|Ph.D Student||Goldshmid Revital|
|Subject||A 3D-Fibrinogen Based Microgel Suspension Culture System for|
hMSC Bioprocessing in Bioreactors
|Department||Department of Biotechnology||Supervisor||Professor Dror Seliktar|
The emerging approach to tissue therapy requires replacement of damaged cells with healthy multipotent stem cells, having the potential to differentiate into several mature cell types. The use of mesenchymal stem cells (MSCs) is a promising tool for regenerative stem cell therapy due to their ability to self-renew and their ability to differentiate into varied tissues. In order to direct cell fate, a 3D hydrogel microenvironment model can be applied. The interplay between the cells, the biomechanical attributes and the dynamic relationship between the physical and biochemical signals allows us to direct hMSC proliferation and differentiation and provides insights which will advance stem-cell-based clinical approaches for tissue regeneration.
In the present study, we integrated biological-synthetic polymer matrix and bioreactors for the development of a unique suspension cell culture system for 3D stem cell expansion. A fibrinogen based Polyethylene Glycol (PEG) hydrogel and fibrinogen based Pluronic F-127 were used to form a 3D niche for hMSC bioprocessing. We focused on developing a methodology for the encapsulation and cultivation of hMSCs in hydrogel biomaterials to be utilized as a routine, efficient, and scalable solution for hMSC bioprocessing.
Our 3D-PF and FF-127 micro-engineering model offers the versatility required to undertake the arduous task of developing 3D bioprocessing technologies for stem cells which affect the self-renewal, proliferation and morphology of MSCs using various blood derivatives and variable mechanical stiffnesses of 3D hydrogel micro-carriers for optimized MSCs expansion and differentiation.

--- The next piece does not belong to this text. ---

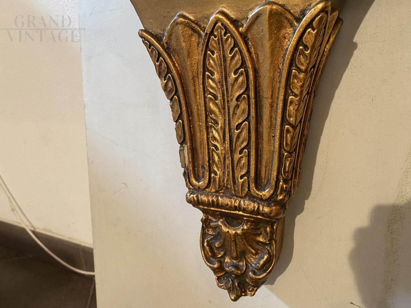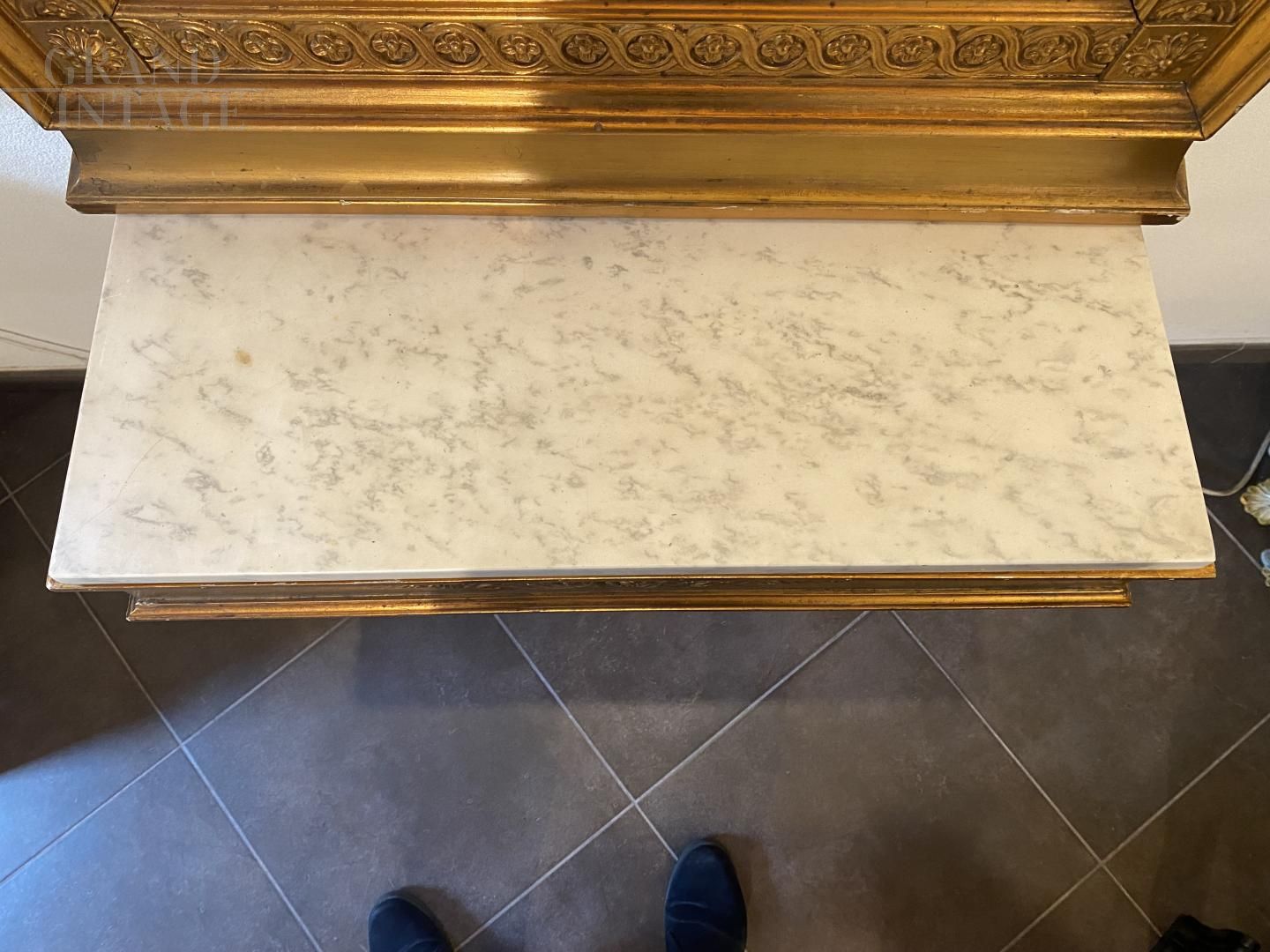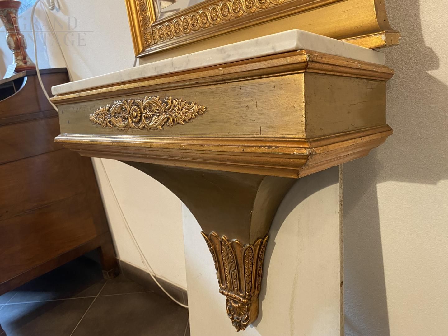 Small antique hanging console from the Empire era with mirror, made of gilded wood and finely carved with floral motifs, equipped with a Carrara marble top, coming from 19th century France.

Herein, we present a method for efficient propagation of hMSCs. We demonstrated a gradient expression of multipotency, proliferation and differentiation markers guided by variable mechanical stiffnesses, converging towards a specific pattern of mechanical control on MSCs fate. In addition, we determined that using Von Willebrand Factor, (a human blood derivate), elevates MSC proliferation, while fibronectin affects hMSC morphology. In addition to 3D-PF, we utilized thermos-responsive micro-carriers (FF-127), and demonstrated that the hMSCs’ viability, proliferation and cell recovery yields were shown to be higher than photo-chemically cross-linked over physical crosslinking micro-carriers made from a similar material.
As for the differentiation of hMSCs, the results suggest that modification of storage modulus (G') of the 3D-PF hydrogel enables direction of cell fate. Chondrogenesis of hMSCs has been shown to increase in correlation with an increase in the storage modulus (G'). Neurogenesis, on the other hand, requires a soft hydrogel environment and the myogenic potential of hMSCs was shown to increase in the mid-stiffed milieu. In addition, we improved cell recovery after encapsulation using physical encapsulation method with the FF-127.
This study has established a microgel suspension culture system for hMSCs bioprocessing using a direct correlation between hydrogel attributes, including: stiffness, adhesiveness, and addetives manipulating the hMSC fate in 3D. Moreover, it illustrates the significance of meticulous formulation and a modular approach when designing biosynthetic materials that could ultimately be optimized for hMSCs bioprocessing applications.